In the logs, you could see the original sequence number it lost, in part because other routers were trying to fetch it. Stopping NLSR, modifying the nlsrSeqNo.txt file's numbers to be greater than the one observed, and restarting NLSR fixed the problem, causing the other routers to fetch its updates. Ideally, there would be some logic inside NLSR to handle this issue automatically in some way, since modifying the state file felt like a hack.
Updated by Adam Thieme about 2 months ago
By "greater", I mean anywhere from 5 to 800000 more worked; I tested one node individually with a number around 5 greater than its last, as well as resetting all nodes to 1mil to start "fresh".

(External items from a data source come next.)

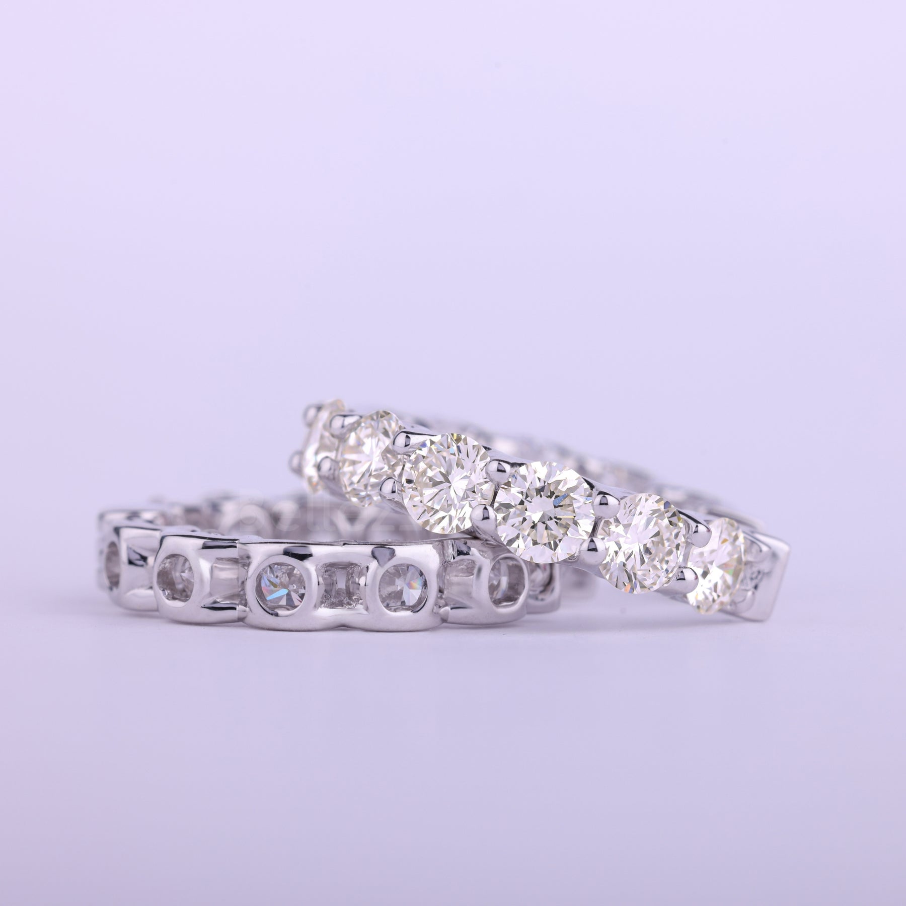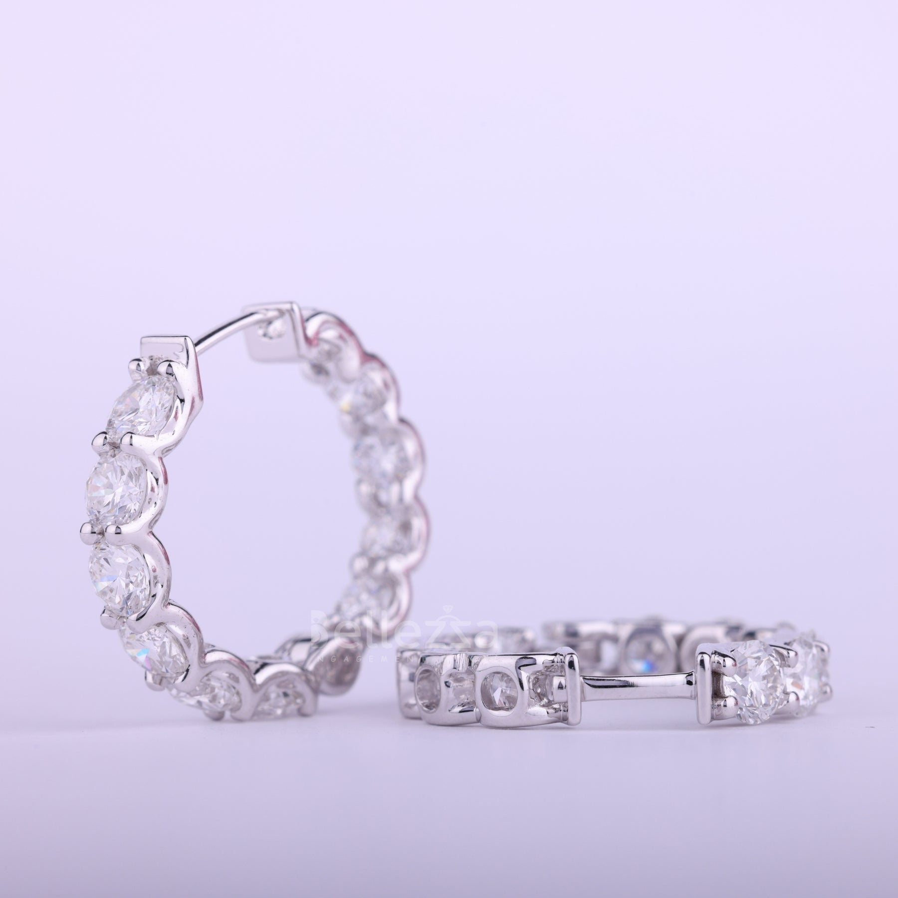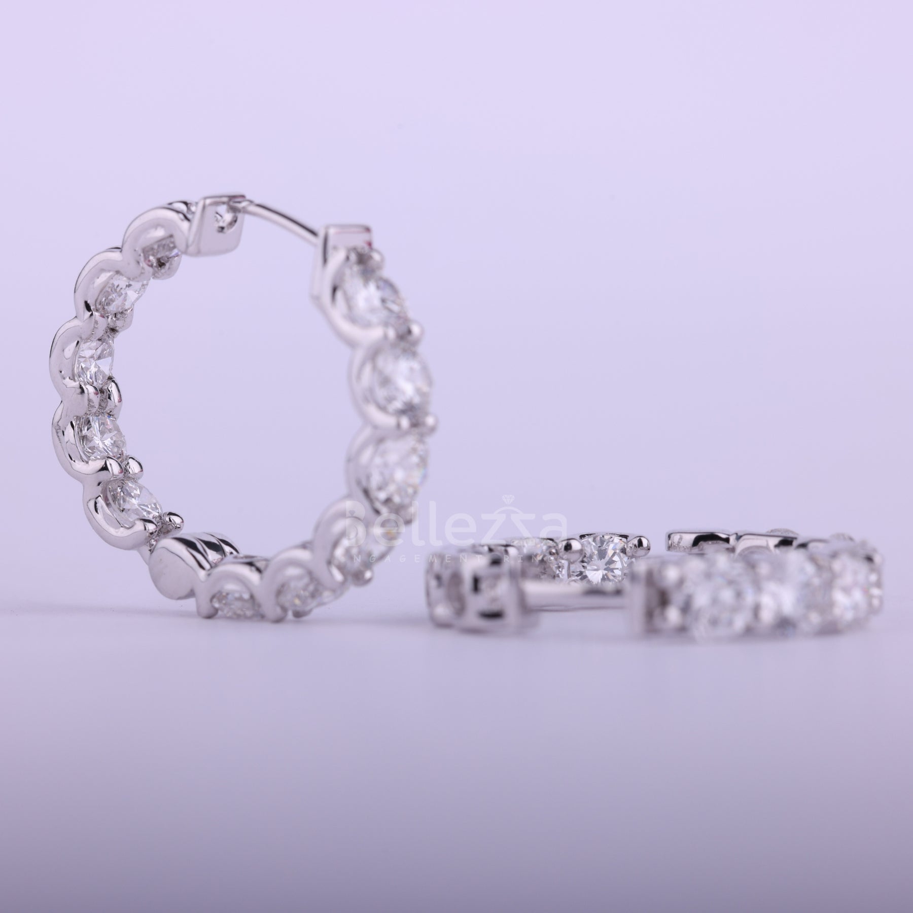 Round Cut Inside-Outside Diamond Moissanite Hoop Earrings
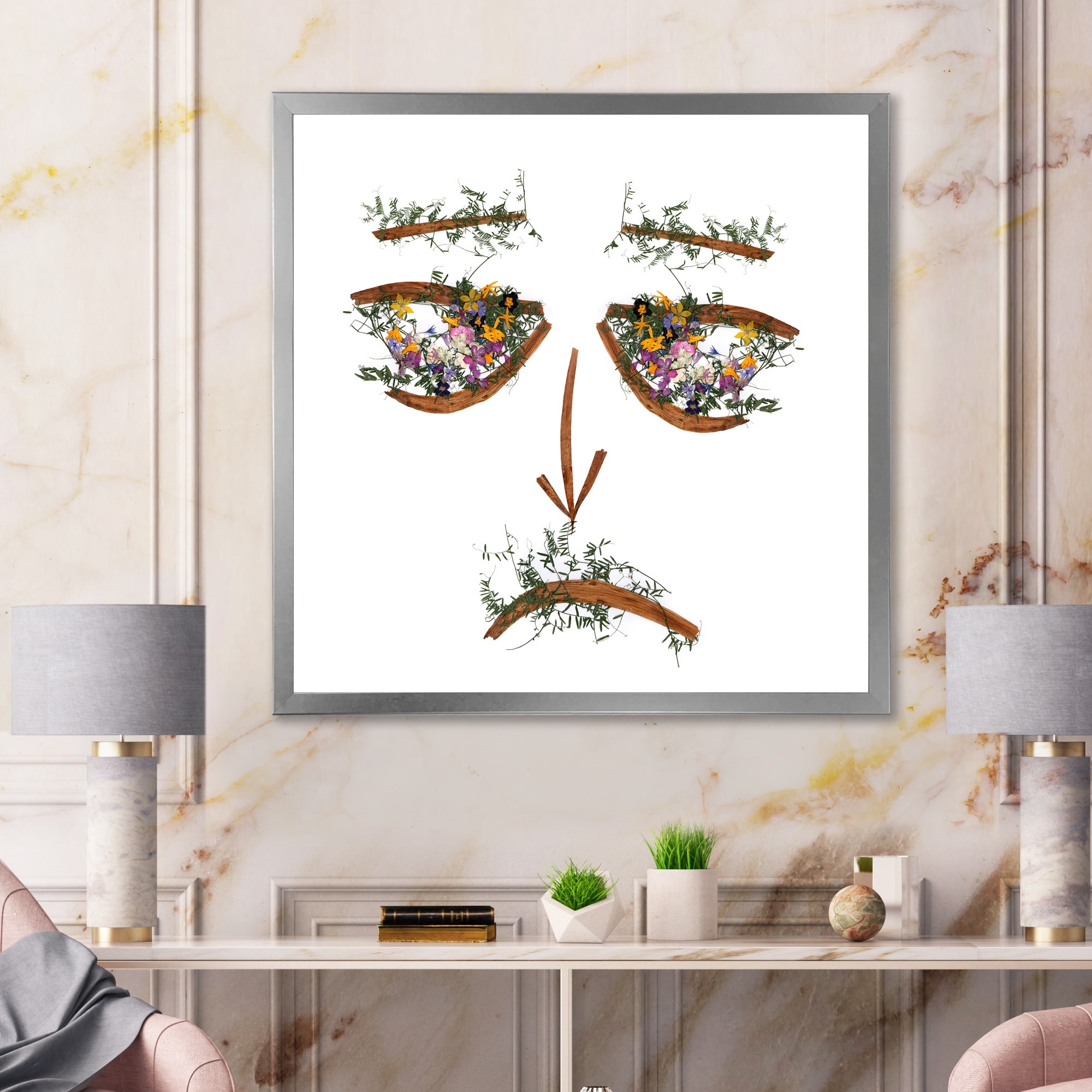 Designart "Sad Male Face of Dried Pressing Bright Flowers" Children's Art Framed Art Print
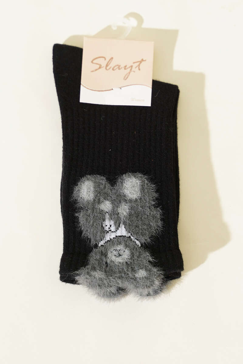 Ayıcık Sakallı Soket Kadın Çorap Siyah
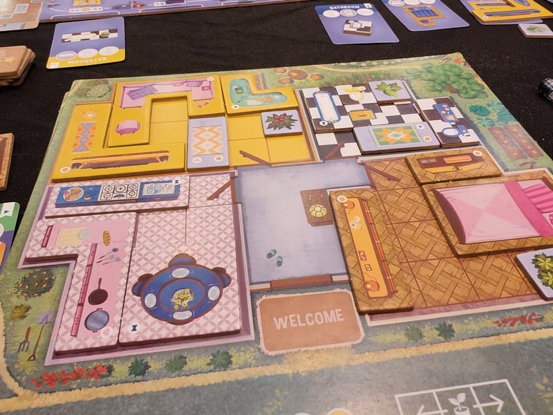 Pour compléter le tout, il y a un système d’objectif à remplir, des zones à compléter au risque de perdre des points. C’est simple, familial, court. Les règles sont vite assimilées et le jeu reste agréable à jouer. Il y a clairement un plus pour les personnes adeptes de décoration et de Tetris (même si cela reste léger).
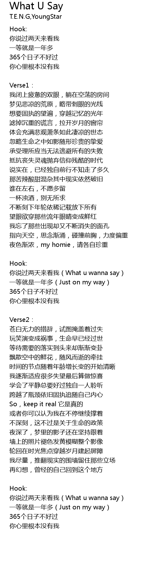 | nǐ shuō guò liǎng tiān lái kàn wǒ What u wanna say | |
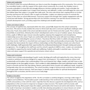 This focuses on the effect that the Christian ethos of the school has on the children and young people who attend it. Church schools will employ a variety of strategies and styles, which reflect their particular local context or church tradition in order to be distinctive and effective and the principal objective of SIAMS inspection is to evaluate the distinctiveness and effectiveness of the school as a church school.
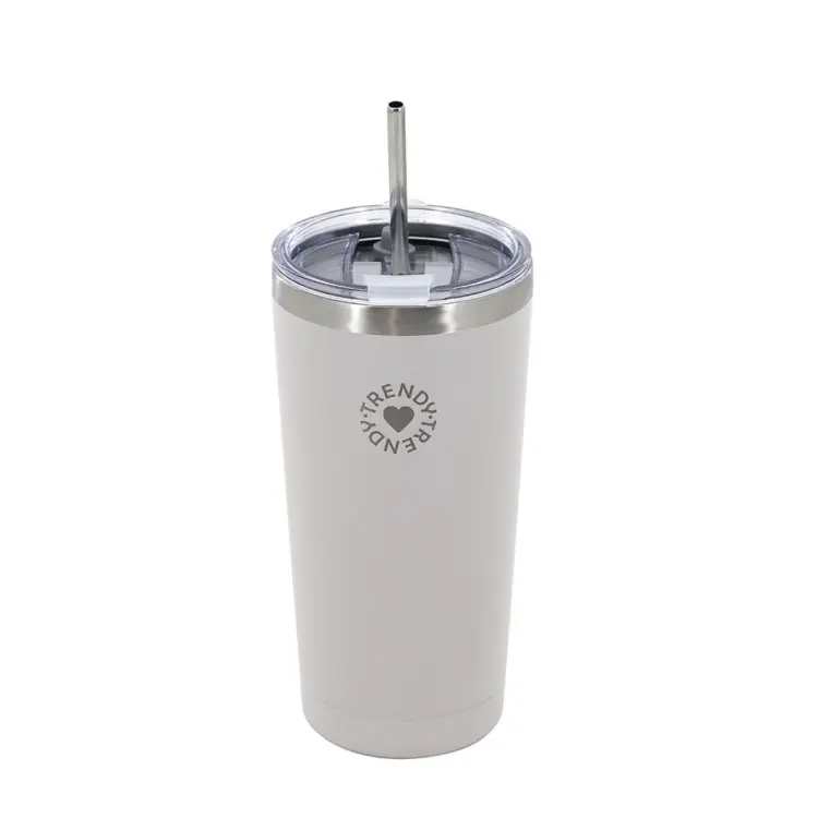 Composicion: Vaso doble capa con capa interna 100% de acero inoxidable AISI 304 y capa externa 100% acero inoxidable AISI 201. Tapa 100% de acrilonitrilobutadieno estireno, burlete 100% de silicona. Con sorbete 100% de acero inoxidable AISI 304.
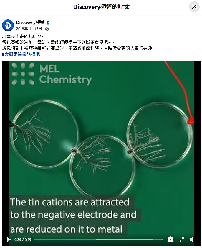 | 1 | ![]() | 網站名稱 用電長出來的錫結晶~ 氯化亞錫溶液加上電流,還能順便學一下判斷正負極呢~~ 讓我想到上禮拜孫維新老師講的:用藝術推廣科學,有時候會更讓人覺得有趣。 網址 https://www.facebook.com/discoverytw/posts/%E7%94%A8%E9%9B%BB%E9%95%B7%E5%87%BA%E4%BE%86%E7%9A%84%E9%8C%AB%E7%B5%90%E6%99%B6%E6%B0%AF%E5%8C%96%E4%BA%9E%E9%8C%AB%E6%BA%B6%E6%B6%B2%E5%8A%A0%E4%B8%8A%E9%9B%BB%E6%B5%81%E9%82%84%E8%83%BD%E9%A0%86%E4%BE%BF 網站簡介 用電長出來的錫結晶~,「錫」的結晶也太美了! | 蔡皓昕 | 2025/9/12 下午 01:09:24 |
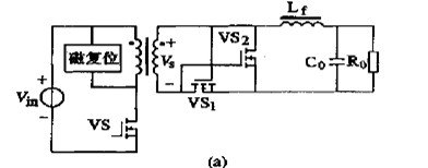 當(dāng)主開關(guān)管VS 關(guān)斷時,勵磁電流流經(jīng)磁復(fù)位電路。變壓器次級電壓反向,VS1 和VS3 關(guān)斷。VS2 的柵2源極寄生電容由流經(jīng)VD 的電流充電。輸出電流由VS2 續(xù)流。在t2 時刻,磁復(fù)位結(jié)束,變壓器次級電壓為零。因為VD1 承受反壓截止,VS3 關(guān)斷,VS2 的柵極驅(qū)動電壓不變,因此即使變壓器次級電壓為零,VS2 保持導(dǎo)通續(xù)流。VS2 柵極驅(qū)動電壓一直保持到下一個開關(guān)周期開始,且VS3 導(dǎo)通之時。這就解決了死區(qū)時間內(nèi)體二極管導(dǎo)通的問題。
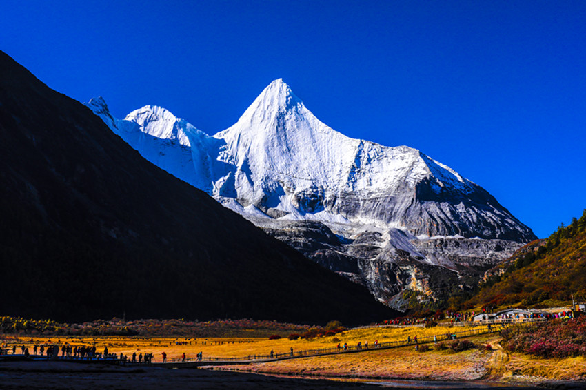 走過山走過水,觀一路秋色,描摹一生的畫卷。在亞丁的晚秋,可以感受“遠看山有色,近聽水無聲”的畫面,在亞丁的晚秋,可以體驗“愁因薄暮起,興是清秋發(fā)”感覺。在亞丁的晚秋,總會有李清照那句“秋已暮、紅稀香少。水光山色與人親,說不盡、無窮好”在腦海浮現(xiàn)??偢袊@景色太美,文筆笨拙,要是“俱懷逸興壯思飛,欲上青天覽明月”的李白在“抽刀斷水水更流,舉杯消愁愁更愁”的多愁善感里描繪三怙主的雄奇與牛奶海的柔美,那不知道又是一個多么驚世駭俗的偉大手筆?沒有也許,只有在些許的缺憾中努力書寫屬于這個秋的一切。是的,秋已暮,珍珠海的水碧波不興,雪山的倒影更顯雄偉與圣潔。秋已暮,五彩山林和潺潺流水纏綿無盡,已經把美輪美奐的山水畫鋪展在天地間。秋已暮,牧歸炊煙起,草原已寂靜。
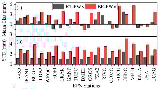 Mean value (a) and STD (b) of the PWV differences for BE-PPP and RT-PPP with regard to radiosondes at 20 EPN stations during a 30-day period [82].
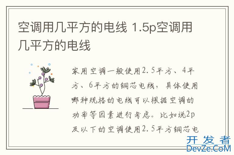 品牌型号:格力空调 系统:KFR-35GW家用空调一般使用2.5平方、4平方、6平方的铜芯电线,具体使用哪种规格的电线可以根据空调的功率等因素进行考虑。比如说2p及以下的空调使用2.5平方铜芯电线,2
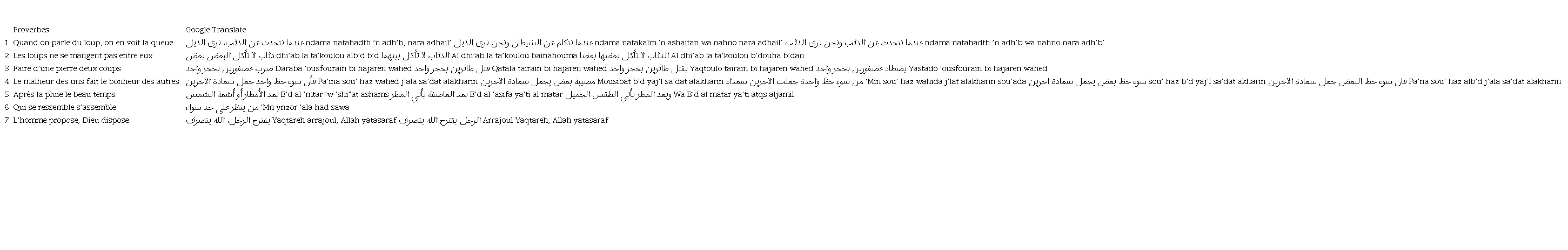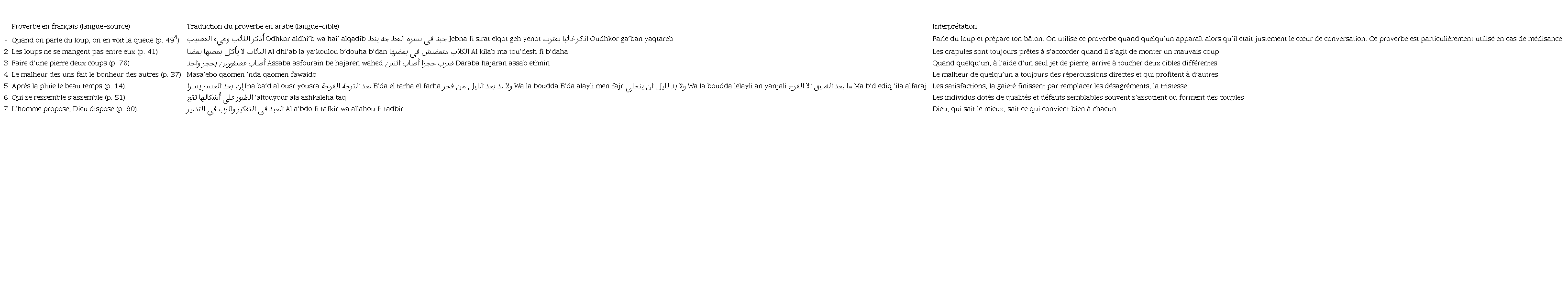 Recherche sur plusieurs sites internet de l’équivalent arabe des proverbes.
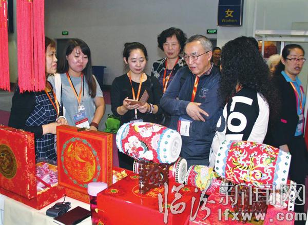 临汾新闻网讯 10月24日,在浙江义乌举办的中国妇女手工制品博览会上,翼城民间刺绣《丹凤和鞋》布艺荣获民族特色手工艺品银奖。该博览会开展以来,临汾平阳花文化创意产业孵化基地展位人气爆棚,中外客商络绎不绝,一件件精美的妇女手工制品赢得了参展人员的一致好评。

Updated by Ashlesh Gawande about 1 month ago
- Status changed from New to In Progress
- % Done changed from 0 to 60
Updated by Ashlesh Gawande about 1 month ago
Updated by Ashlesh Gawande about 1 month ago
- Status changed from In Progress to Code review
- % Done changed from 60 to 90
Updated by Ashlesh Gawande about 1 month ago
- % Done changed from 90 to 100
Needed a fix for ChronoSync bug triggered by the new unit test in NLSR (https://gerrit.named-data.net/c/ChronoSync/+/7819 so that needs to be merged first, I have temporarily modified jenkins script to pull this so that build can pass).
Updated by Ashlesh Gawande 9 days ago
The fix relies on the sync protocol update notification of a router's own prefix containing a higher sequence number.
The router updates its own sequence number to the one given to it by the network, builds a new LSA (the recently updated received seq + 1), and publishes it back to sync.